- Opening Delimiter -

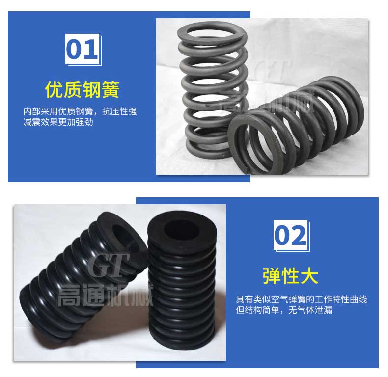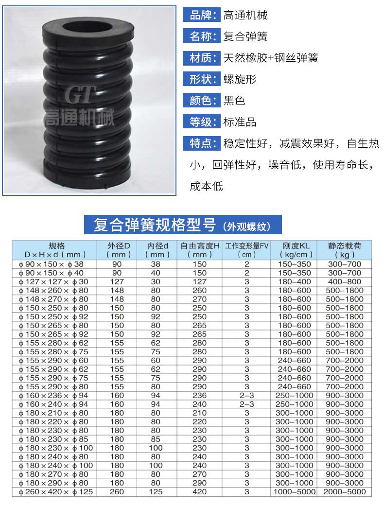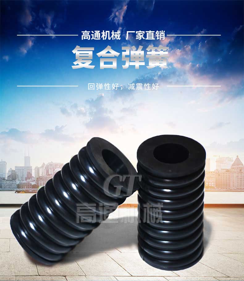 復(fù)合彈簧是由金屬螺旋彈簧和橡膠復(fù)合為一體的彈性體,集金屬彈簧和橡膠彈簧的優(yōu)點(diǎn)于一體,并克服兩者的缺點(diǎn)。形狀和機(jī)械性能穩(wěn)定,能承受載荷和大變形量。隔振降噪效果好,具有工作平穩(wěn),共振區(qū)時間短等優(yōu)點(diǎn),尤其適用于礦山、冶金、煤炭等行業(yè)的大型振動設(shè)備或大型減震設(shè)備。
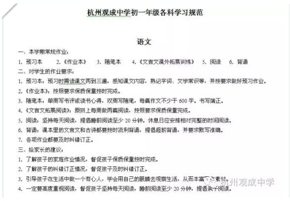 《杭州超限教育中心李林2016年11月25日訊》近日杭州觀成中學(xué)發(fā)布了學(xué)校對(duì)于初一學(xué)生的學(xué)習(xí)規(guī)范,家長(zhǎng)們可以從中看出觀成中學(xué)的一些教育理念和管理方法,對(duì)于小升初擇校也有很大幫助。
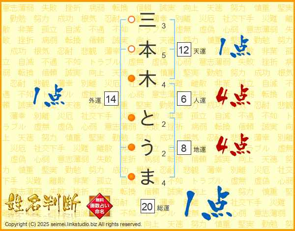 生活面を象徴する運勢です。外部から受ける影響力を表し、結婚運、家庭運や職場、環境への順応性を表します。総運から人運を引いた画数。姓や名が1文字の場合を除く。
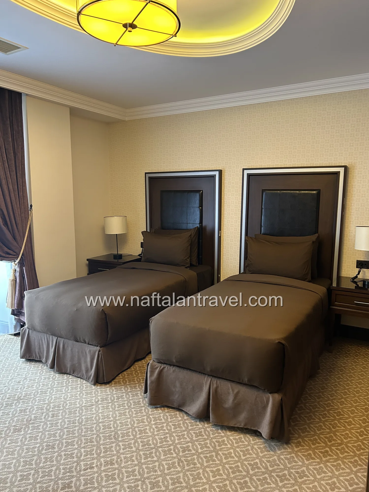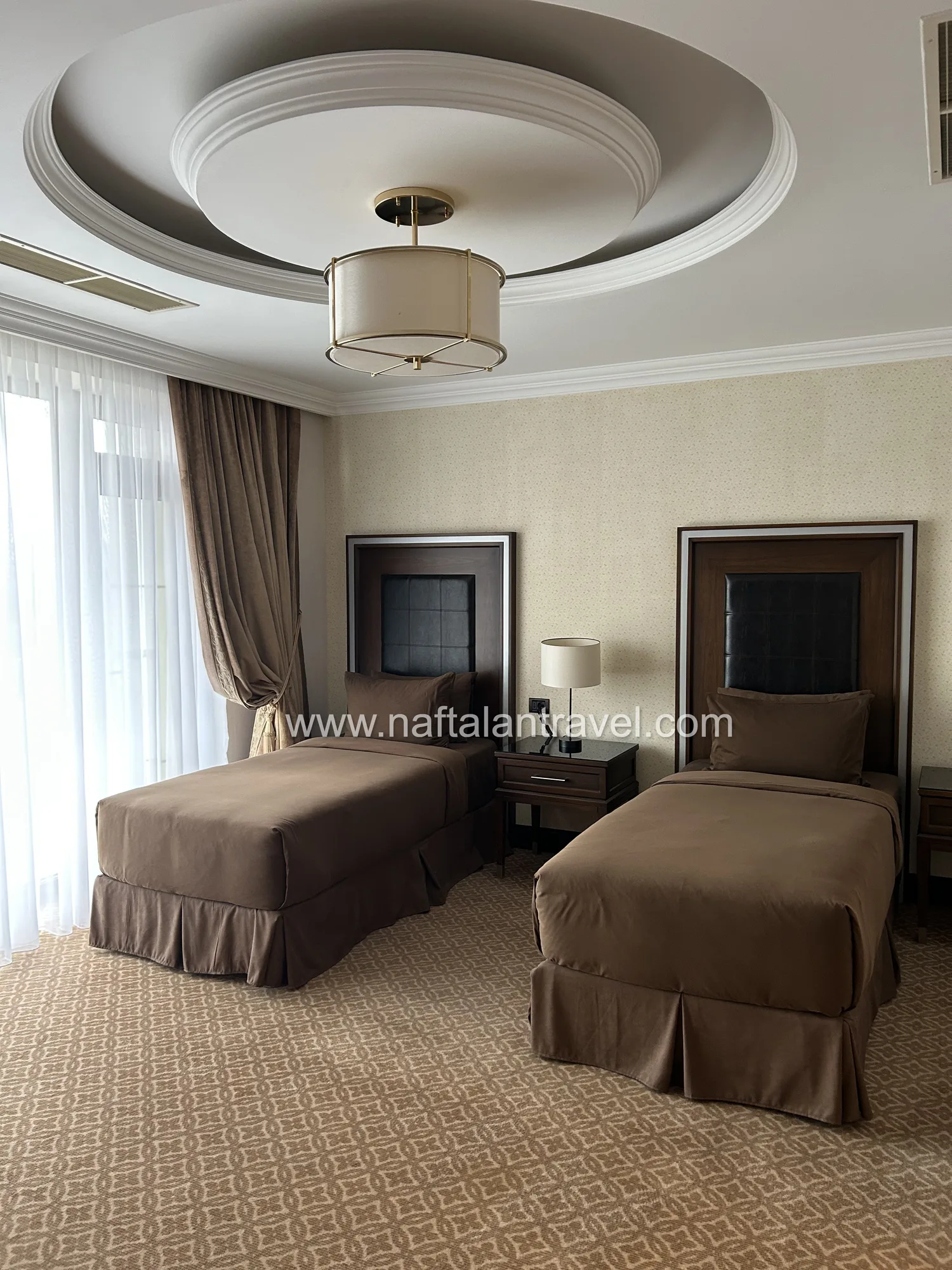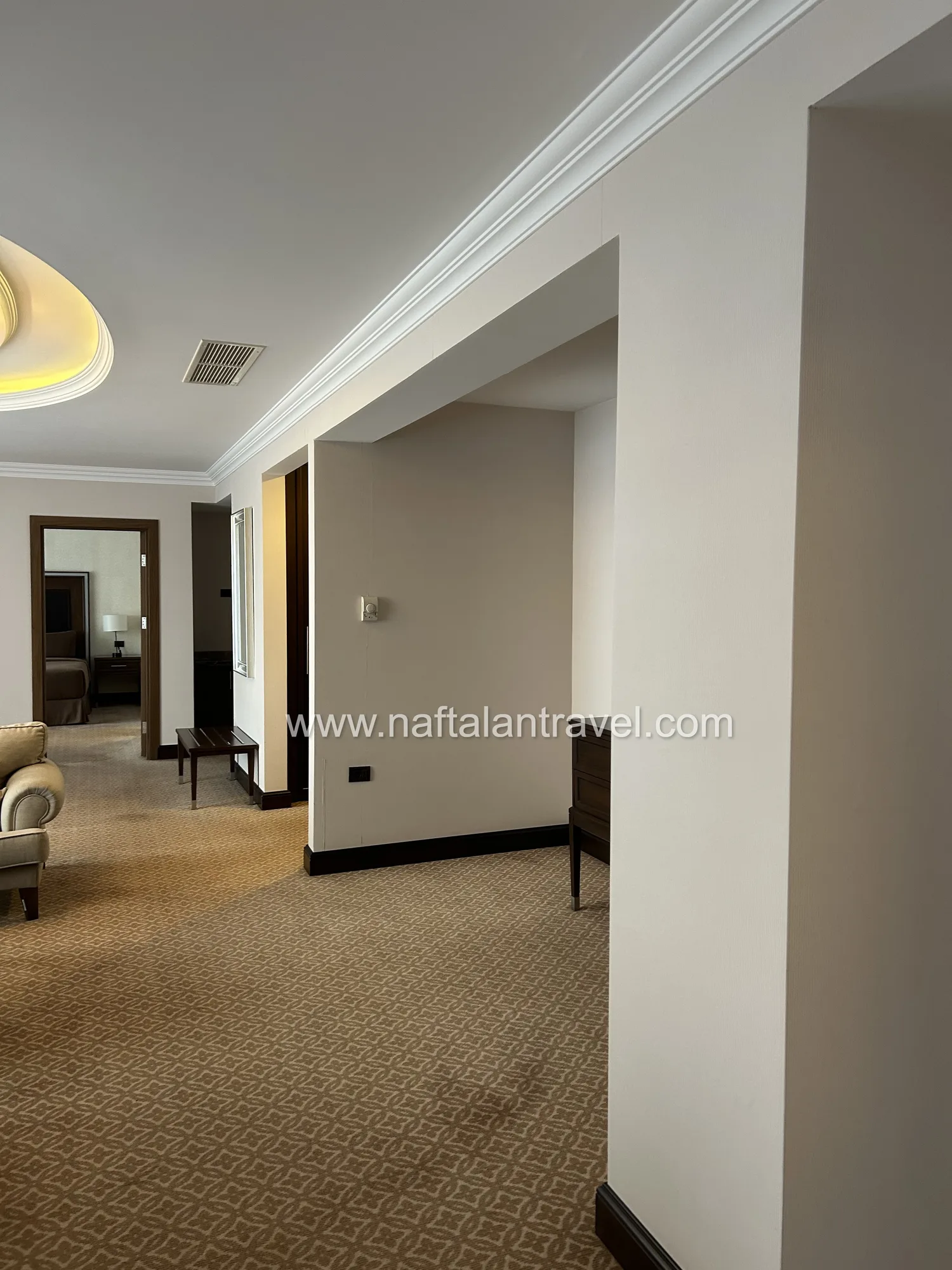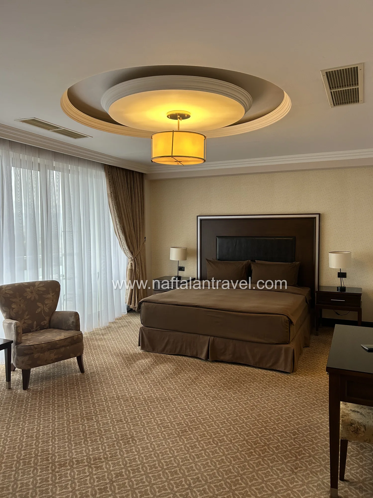 Просторный номер категории Deluxe площадью около 38 м² создан для гостей, ценящих уют и современный стиль. Элегантный интерьер, функциональная мебель и продуманная планировка обеспечивают максимум удобства во время отдыха или деловой поездки в Нафталан.
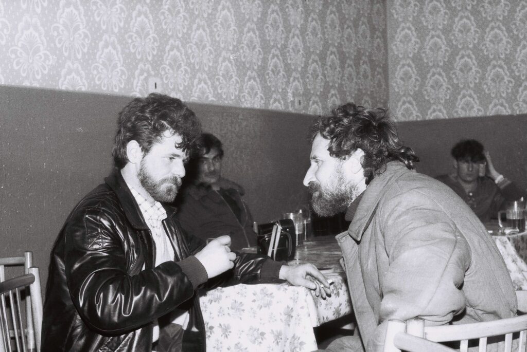 Asztaltársaság a rétei kocsmában 1982-ben, Petrla Ferenc (Szenyor), Puskás Tivadar (Puding)
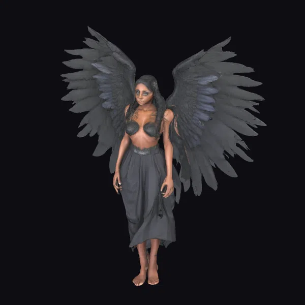 Standing tall with her expansive black wings spread wide, this majestic angelic figure commands attention. Her long, flowing black hair cascades down her back, complementing her dark attire that consists of a bra and a flowing skirt. The wings, a marvel of detail, showcase feathers with subtle gradations of black and dark blue, suggesting depth and realism. Her facial expression is serene yet mysterious, inviting onlookers to ponder her story. This model is perfect for projects requiring a touch of fantasy and mystique, such as animations, games, or architectural visualizations aiming for a unique aesthetic. Its detailed features and realistic textures make it an excellent choice for high-end projects.

- Closing Delimiter -

WHAT THE EXERCISE ASKS -
Retype the records verbatim, excluding each image they hold.

RESULT FOR THIS EXERCISE -
 復(fù)合彈簧是由金屬螺旋彈簧和橡膠復(fù)合為一體的彈性體,集金屬彈簧和橡膠彈簧的優(yōu)點(diǎn)于一體,并克服兩者的缺點(diǎn)。形狀和機(jī)械性能穩(wěn)定,能承受載荷和大變形量。隔振降噪效果好,具有工作平穩(wěn),共振區(qū)時間短等優(yōu)點(diǎn),尤其適用于礦山、冶金、煤炭等行業(yè)的大型振動設(shè)備或大型減震設(shè)備。
 《杭州超限教育中心李林2016年11月25日訊》近日杭州觀成中學(xué)發(fā)布了學(xué)校對(duì)于初一學(xué)生的學(xué)習(xí)規(guī)范,家長(zhǎng)們可以從中看出觀成中學(xué)的一些教育理念和管理方法,對(duì)于小升初擇校也有很大幫助。
 生活面を象徴する運勢です。外部から受ける影響力を表し、結婚運、家庭運や職場、環境への順応性を表します。総運から人運を引いた画数。姓や名が1文字の場合を除く。
 Просторный номер категории Deluxe площадью около 38 м² создан для гостей, ценящих уют и современный стиль. Элегантный интерьер, функциональная мебель и продуманная планировка обеспечивают максимум удобства во время отдыха или деловой поездки в Нафталан.
 Asztaltársaság a rétei kocsmában 1982-ben, Petrla Ferenc (Szenyor), Puskás Tivadar (Puding)
 Standing tall with her expansive black wings spread wide, this majestic angelic figure commands attention. Her long, flowing black hair cascades down her back, complementing her dark attire that consists of a bra and a flowing skirt. The wings, a marvel of detail, showcase feathers with subtle gradations of black and dark blue, suggesting depth and realism. Her facial expression is serene yet mysterious, inviting onlookers to ponder her story. This model is perfect for projects requiring a touch of fantasy and mystique, such as animations, games, or architectural visualizations aiming for a unique aesthetic. Its detailed features and realistic textures make it an excellent choice for high-end projects.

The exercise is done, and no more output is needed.